Portanto, não há nada de normal,
de natural, nessa negligência subliminar ao Estado Laico brasileiro. Não se
pode negar que o peso da religião no processo eleitoral, nesse caso, não dista
de tantas outras práticas popularmente conhecidas como voto de cabresto. Neste caso,
há um cerceamento da liberdade de escolha, muito mais sutil, porque afeta a
relação do indivíduo com o sagrado, com a fé, com os paradigmas e preceitos que
ele crê e devota respeito.
Tudo isso é muito mais profundo,
pois atinge as crenças, as convicções, os valores do ser humano, em um campo
que lhe é totalmente pessoal. Especialmente, no que diz respeito aqueles
pertencentes às camadas mais vulneráveis e desassistidas da população, as quais
tendem a estabelecer uma relação muito mais próxima e intensa com essas
religiões.
Afinal de contas, nos locais onde
falha a assistência e a presença do Estado, essas religiões se apresentam como
um bastião de esperança e alento para essas populações. De modo que elas assumem
um papel de autoridade, inclusive moral, gerando um sentimento, muitas vezes,
de gratidão, de subserviência, de respeito, por parte de seus fiéis. O medo do
abandono social, da exclusão religiosa, então, acaba figurando como uma ameaça
a autonomia e a autoralidade dessas pessoas.
Daí o inconveniente da reafirmação
desse cenário a partir da naturalização dos recortes analíticos das pesquisas
eleitorais, na medida em que se legitima uma situação que aponta para o
trânsito por via de ilegalidade, quando afeta de algum modo a norma
constitucional.
A escolha do eleitor não pode estar
fundamentada em algo que não seja pertinente à sua consciência. O indivíduo não
é a religião. A religião é uma escolha do indivíduo. São coisas diferentes!

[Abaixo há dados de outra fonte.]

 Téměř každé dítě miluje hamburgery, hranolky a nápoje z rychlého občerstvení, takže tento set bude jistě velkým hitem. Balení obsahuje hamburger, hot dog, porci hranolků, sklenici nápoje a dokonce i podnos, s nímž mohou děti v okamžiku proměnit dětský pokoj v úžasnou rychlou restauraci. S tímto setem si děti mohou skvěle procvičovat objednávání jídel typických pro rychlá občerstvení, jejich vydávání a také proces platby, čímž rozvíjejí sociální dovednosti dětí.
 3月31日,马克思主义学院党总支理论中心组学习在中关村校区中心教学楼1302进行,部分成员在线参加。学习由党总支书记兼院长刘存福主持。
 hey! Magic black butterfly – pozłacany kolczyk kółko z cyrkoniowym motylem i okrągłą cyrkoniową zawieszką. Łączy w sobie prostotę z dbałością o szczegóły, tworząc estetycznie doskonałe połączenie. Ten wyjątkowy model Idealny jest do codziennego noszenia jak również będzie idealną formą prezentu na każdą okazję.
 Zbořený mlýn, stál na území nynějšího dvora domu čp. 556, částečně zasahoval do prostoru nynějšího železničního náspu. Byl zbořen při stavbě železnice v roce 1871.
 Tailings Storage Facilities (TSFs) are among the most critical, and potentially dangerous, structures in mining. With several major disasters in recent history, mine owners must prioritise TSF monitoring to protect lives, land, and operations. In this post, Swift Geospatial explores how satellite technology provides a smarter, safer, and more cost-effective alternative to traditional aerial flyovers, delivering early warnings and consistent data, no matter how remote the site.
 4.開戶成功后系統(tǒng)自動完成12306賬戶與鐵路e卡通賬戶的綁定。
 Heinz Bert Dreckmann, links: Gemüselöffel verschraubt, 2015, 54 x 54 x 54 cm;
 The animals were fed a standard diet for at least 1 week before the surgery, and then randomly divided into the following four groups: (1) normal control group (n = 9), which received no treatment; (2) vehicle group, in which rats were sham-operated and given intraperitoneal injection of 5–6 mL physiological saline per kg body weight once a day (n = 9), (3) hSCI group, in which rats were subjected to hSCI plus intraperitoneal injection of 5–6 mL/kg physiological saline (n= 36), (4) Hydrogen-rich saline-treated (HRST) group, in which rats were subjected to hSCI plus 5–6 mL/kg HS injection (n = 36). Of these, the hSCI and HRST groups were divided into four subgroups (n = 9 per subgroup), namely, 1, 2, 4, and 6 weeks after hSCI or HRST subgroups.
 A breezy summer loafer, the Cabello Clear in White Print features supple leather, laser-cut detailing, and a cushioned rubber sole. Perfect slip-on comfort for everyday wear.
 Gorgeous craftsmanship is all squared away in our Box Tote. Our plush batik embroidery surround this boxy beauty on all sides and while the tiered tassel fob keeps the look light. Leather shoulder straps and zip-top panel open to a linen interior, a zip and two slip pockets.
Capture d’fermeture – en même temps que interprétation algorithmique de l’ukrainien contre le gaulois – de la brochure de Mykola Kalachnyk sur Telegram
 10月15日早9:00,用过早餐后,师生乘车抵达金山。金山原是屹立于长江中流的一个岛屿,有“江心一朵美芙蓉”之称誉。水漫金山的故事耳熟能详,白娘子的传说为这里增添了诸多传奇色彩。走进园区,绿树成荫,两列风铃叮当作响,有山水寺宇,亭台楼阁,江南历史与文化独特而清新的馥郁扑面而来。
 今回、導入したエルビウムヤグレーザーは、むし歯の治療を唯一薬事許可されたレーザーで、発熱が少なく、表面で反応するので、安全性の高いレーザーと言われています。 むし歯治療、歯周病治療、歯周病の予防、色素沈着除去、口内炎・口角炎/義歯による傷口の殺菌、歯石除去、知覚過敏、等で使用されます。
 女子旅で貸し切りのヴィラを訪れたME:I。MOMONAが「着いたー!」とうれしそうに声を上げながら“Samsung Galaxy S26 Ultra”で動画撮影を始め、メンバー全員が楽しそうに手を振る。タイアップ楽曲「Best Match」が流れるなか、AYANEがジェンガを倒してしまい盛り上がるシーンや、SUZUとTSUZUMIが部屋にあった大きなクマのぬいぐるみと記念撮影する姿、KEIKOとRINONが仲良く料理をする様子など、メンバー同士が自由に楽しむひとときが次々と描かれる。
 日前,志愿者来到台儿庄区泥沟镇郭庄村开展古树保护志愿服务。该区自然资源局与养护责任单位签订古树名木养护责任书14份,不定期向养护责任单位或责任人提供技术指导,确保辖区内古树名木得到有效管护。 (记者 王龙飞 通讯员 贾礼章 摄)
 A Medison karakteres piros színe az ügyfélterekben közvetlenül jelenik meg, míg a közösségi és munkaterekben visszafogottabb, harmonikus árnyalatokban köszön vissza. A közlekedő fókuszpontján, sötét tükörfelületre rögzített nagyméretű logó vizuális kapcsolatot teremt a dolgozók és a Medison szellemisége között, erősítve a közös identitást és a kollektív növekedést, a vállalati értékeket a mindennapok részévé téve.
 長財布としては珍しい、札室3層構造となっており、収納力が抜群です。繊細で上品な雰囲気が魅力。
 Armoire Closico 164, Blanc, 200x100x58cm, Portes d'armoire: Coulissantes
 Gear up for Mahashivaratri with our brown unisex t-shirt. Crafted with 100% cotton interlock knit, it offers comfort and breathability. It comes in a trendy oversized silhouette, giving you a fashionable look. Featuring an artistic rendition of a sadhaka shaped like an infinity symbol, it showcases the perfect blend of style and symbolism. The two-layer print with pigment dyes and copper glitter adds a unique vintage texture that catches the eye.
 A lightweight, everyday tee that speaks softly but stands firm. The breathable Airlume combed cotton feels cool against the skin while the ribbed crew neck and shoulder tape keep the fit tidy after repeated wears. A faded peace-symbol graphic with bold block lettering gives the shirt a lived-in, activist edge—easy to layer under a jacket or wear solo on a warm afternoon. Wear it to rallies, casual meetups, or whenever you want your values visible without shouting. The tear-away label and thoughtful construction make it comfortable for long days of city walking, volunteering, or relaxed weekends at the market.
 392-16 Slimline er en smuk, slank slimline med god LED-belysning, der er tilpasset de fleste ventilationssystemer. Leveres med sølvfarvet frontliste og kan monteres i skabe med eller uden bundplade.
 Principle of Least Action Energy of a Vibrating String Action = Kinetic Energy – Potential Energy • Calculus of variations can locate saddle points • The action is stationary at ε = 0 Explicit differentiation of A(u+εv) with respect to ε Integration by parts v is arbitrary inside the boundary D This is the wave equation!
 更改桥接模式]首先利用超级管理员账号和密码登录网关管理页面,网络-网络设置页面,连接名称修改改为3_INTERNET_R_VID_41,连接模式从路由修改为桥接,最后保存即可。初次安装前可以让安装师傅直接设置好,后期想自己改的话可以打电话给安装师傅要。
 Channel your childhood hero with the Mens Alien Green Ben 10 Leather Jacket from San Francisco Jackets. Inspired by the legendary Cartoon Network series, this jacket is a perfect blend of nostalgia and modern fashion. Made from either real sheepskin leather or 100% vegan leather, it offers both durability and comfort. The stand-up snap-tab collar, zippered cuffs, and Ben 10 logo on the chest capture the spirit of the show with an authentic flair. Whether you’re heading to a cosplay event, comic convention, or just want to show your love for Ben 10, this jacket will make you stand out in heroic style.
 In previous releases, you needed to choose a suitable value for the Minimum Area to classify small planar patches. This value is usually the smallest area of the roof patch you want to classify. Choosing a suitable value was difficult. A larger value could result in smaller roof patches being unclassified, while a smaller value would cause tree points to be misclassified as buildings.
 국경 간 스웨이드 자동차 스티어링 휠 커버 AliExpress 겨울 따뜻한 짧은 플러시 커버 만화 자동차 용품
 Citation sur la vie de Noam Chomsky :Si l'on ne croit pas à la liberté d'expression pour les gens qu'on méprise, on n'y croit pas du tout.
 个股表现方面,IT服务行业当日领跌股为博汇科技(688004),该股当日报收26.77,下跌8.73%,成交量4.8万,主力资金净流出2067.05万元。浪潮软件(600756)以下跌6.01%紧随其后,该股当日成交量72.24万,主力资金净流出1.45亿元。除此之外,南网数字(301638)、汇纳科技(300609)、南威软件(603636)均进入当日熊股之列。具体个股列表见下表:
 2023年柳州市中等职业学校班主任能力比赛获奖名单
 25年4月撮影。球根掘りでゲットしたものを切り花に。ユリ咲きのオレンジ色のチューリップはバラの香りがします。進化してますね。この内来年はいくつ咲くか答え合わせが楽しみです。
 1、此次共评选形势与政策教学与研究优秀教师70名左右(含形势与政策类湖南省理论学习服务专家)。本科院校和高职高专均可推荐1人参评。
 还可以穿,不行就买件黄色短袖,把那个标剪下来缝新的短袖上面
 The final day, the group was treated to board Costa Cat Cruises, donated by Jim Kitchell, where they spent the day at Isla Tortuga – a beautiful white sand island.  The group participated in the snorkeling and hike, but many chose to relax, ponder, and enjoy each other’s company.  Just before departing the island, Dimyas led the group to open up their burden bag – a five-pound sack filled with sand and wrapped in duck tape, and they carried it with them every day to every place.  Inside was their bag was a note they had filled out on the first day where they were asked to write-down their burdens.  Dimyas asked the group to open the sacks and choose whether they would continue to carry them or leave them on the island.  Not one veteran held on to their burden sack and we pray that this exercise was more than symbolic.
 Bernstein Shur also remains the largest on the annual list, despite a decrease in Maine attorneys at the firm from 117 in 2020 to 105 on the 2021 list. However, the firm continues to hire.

A Constituição de 1988 é clara
quando diz que “é inviolável a liberdade
de consciência e de crença, sendo assegurado o livre exercício dos cultos
religiosos e garantida, na forma da lei, a proteção aos locais de culto e suas
liturgias“ (art. 5º, inciso VI). O que significa que não se pode usar da
fé, da religião, para manipular a consciência e a escolha uns dos outros, tendo
em vista que “ninguém será privado de
direitos por motivo de crença religiosa ou de convicção filosófica ou política”
(art. 5º, inciso VIII).
Infelizmente, a superficialização
das análises e a irreflexão das linguagens promovida pela contemporaneidade
cria situações como essa, as quais contribuem de maneira importante para a própria
fragilização democrática. Porque o processo de corrosão das instituições, das
liberdades, da autonomia, da participação popular, se dá de maneira quase imperceptível,
necessitando muita atenção na leitura das entrelinhas cotidianas.
Além disso, o enviesamento
narrativo para essa ou aquela profissão de fé, cria uma exclusão entre a
pluralidade religiosa no país. Cria-se um visível tensionamento social e
distorção interpretativa, constituindo um juízo de valor equivocado sobre essa
ou aquela religião, no sentido de que elas passam a ser ranqueadas enquanto
importantes ou desimportantes, do Bem ou do Mal.
Por isso, cuidado com seu grau de
displicência, de alienação! Como escreveu o poeta alemão, Friedrich Novalis, “quando vemos um gigante, temos primeiro de
examinar a posição do sol e observar para termos certeza de que não é a sombra
de um pigmeu”. Afinal de contas, “A
liberdade só existe quando todos os nossos atos concordam com todo o nosso
pensamento” (Agostinho Silva - filósofo e poeta português).